Title: Big Data Curation (Slides )
A new mode of inquiry, problem solving, and decision making has become pervasive in our society, consisting of applying computational, mathematical, and statistical models to infer actionable information from large quantities of data. This paradigm, often called Big Data Analytics or simply Big Data, requires new forms of data management to deal with the volume, variety, and velocity of Big Data. Many of these data management problems can be described as data curation. Data curation includes all the processes needed for principled and controlled data creation, maintenance, and management, together with the capacity to add value to data. In this talk, I describe our experience in curating some open data sets. I overview how we have adapted some of the traditional solutions for aligning data and creating semantics to account for (and take advantage of) Big Data.

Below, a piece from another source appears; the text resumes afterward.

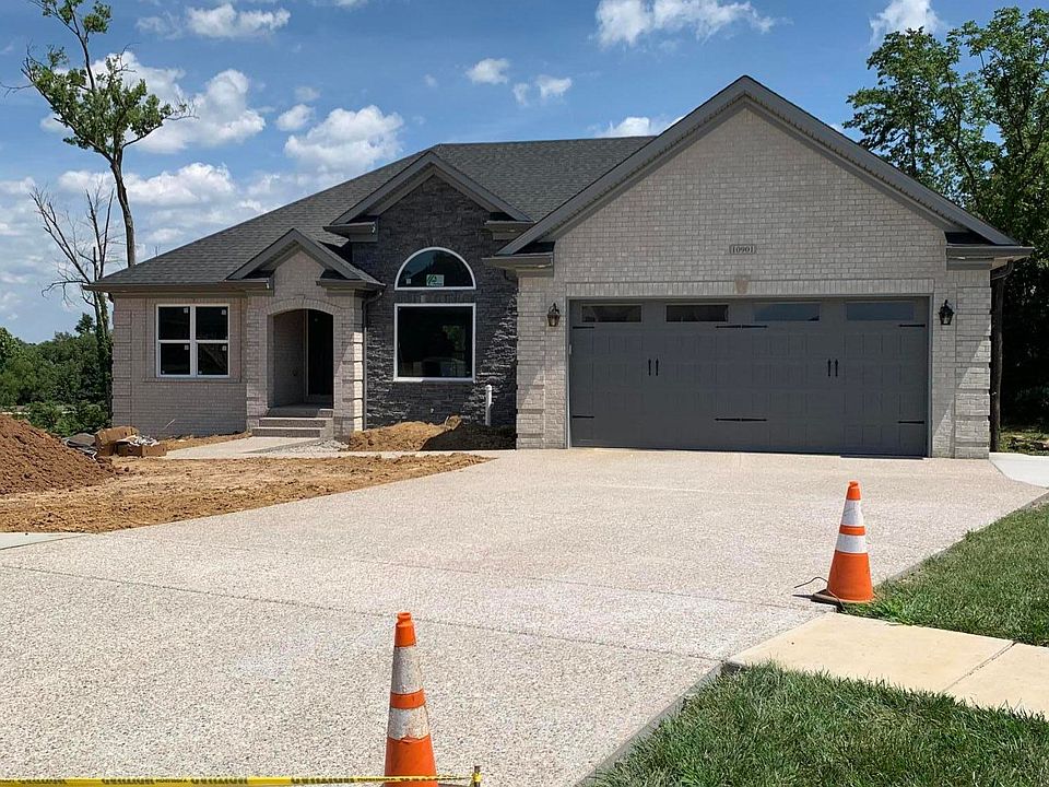 New construction ! 2100 sq ft all brick, 3 bedroom, 3bath, large 2 car garage ranch! Formal foyer & great room have 10' ceilings with crown molding, gas fireplace with custom built mantel . Kitchen is open to great room with large island, abundance of cabinets with granite tops, . Spacious 13' x 13' breakfast area with door leading to a large 12' x 19 'COVERED deck. Large Master suite has an oversized walk in closet, hip trey vaulted ceiling with crown. Master bath has dbl bowl granite vanity with under mounted rectangular bowls, 6' tiled shower. 2 addt'l bedrooms, full bath & laundry room with built in shelves . There's a full walkout basement with finished 1500 sq ft . With a full bath , 4th bedroom , office & family room. With additional 600 sq ft unfinished. Porcelain tile in laundry & baths, laminated flooring in foyer, hall, great room & kitchen, carpet in all three bedrooms. Brushed nickel plumbing fixtures, lighting & hardware.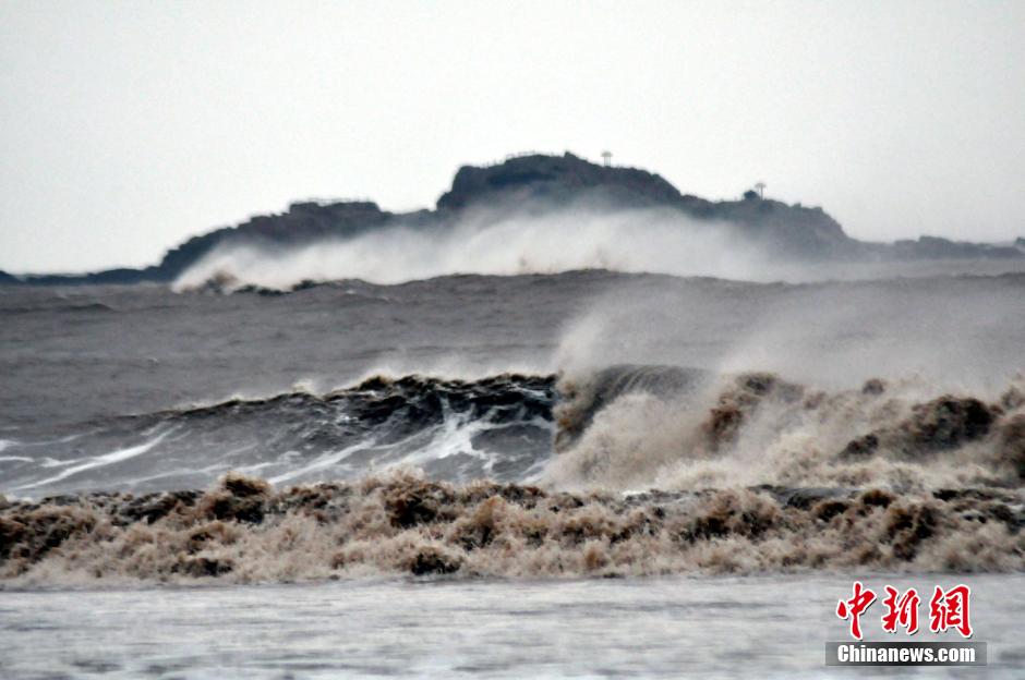 Photo shows the high waves caused by typhoon Vongfong off the coast of Zhoushan, east China's Zhejiang Province, Oct. 12, 2014. (Photo/CNS)

Prof. Renée Miller received BS degrees in Mathematics and in Cognitive Science from the Massachusetts Institute of Technology. She received her MS and PhD degrees in Computer Science from the University of Wisconsin in Madison, WI. She is a Fellow of the Royal Society of Canada (Canada's National Academy) and the Bell Canada Chair of Information Systems at the University of Toronto. She received the US Presidential Early Career Award for Scientists and Engineers (PECASE) , the highest honor bestowed by the United States government on outstanding scientists and engineers beginning their careers and the National Science Foundation Career Award. She is a Fellow of the ACM, a former President of the VLDB Endowment, and was the Program Chair for ACM SIGMOD 2011 in Athens, Greece. Her work has focused on the long-standing open problem of data integration and has achieved the goal of building practical data integration systems. She was a co-recipient of the ICDT Test-of-Time Award for an influential 2003 paper establishing the foundations of data exchange.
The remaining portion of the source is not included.